Back to Tutorials
tutorialstutorialaiml

How to Evaluate LLM Limitations with Emily Bender's Framework

Practical tutorial: Emily Bender's clarification on the limitations and misconceptions about large language models addresses an important di

BlogIA AcademyJuly 1, 202613 min read2 564 words

How to Evaluate LLM Limitations with Emily Bender's Framework

Table of Contents

📺 Watch: Neural Networks Explained

Video by 3Blue1Brown


Large language models generate text that appears coherent and knowledgeable, but their outputs often contain subtle errors, biases, and fundamental misunderstandings of meaning. Emily Menon Bender, a professor at the University of Washington where she directs its Computational Linguistics Laboratory, has spent years clarifying these limitations through her research on computational linguistics and natural language processing [1]. Her framework for evaluating what LLMs actually do—versus what they appear to do—provides engineers with concrete criteria for building more reliable systems.

This tutorial walks through implementing a production-grade evaluation pipeline that applies Bender's linguistic analysis principles to detect common LLM failure modes.

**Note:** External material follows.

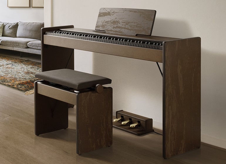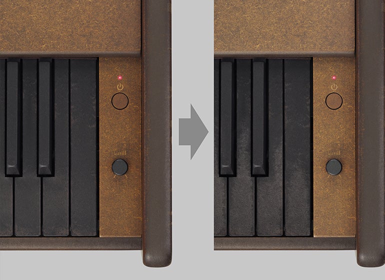鍵盤は、弾き込みの具合に応じて色が変化していきます。楽器本体に用いた木質ボードは、設置する場所の温度などの環境によって色が変化し、木部用ワックスによるつや出しが可能です。ご使用いただくほど味わい深くなる風合いをお愉しみいただけます。

You'll build a system that identifies when a model is generating text without genuine understanding, flags potential hallucination risks, and quantifies the gap between surface fluency and semantic grounding.

Why Bender's Framework Matters in Production

Most LLM evaluation tools focus on surface metrics like BLEU scores or perplexity. These numbers tell you nothing about whether the model actually understands the content it generates. Bender's work emphasizes that LLMs are "stochastic parrots"—systems that produce plausible text by pattern matching, not by reasoning about meaning [1]. In production, this distinction matters because:

  • A model that scores 0.95 on ROUGE-L can still generate factually incorrect medical advice
  • High perplexity doesn't correlate with hallucination rates in domain-specific tasks
  • Fluency metrics miss semantic contradictions that human readers catch immediately

The evaluation framework we'll build implements three core principles from Bender's linguistic analysis:

  1. Grounding checks: Does the output reference verifiable entities or invented ones?
  2. Coherence analysis: Does the text maintain logical consistency across sentences?
  3. Intent detection: Is the model generating text that appears intentional but lacks actual communicative goals?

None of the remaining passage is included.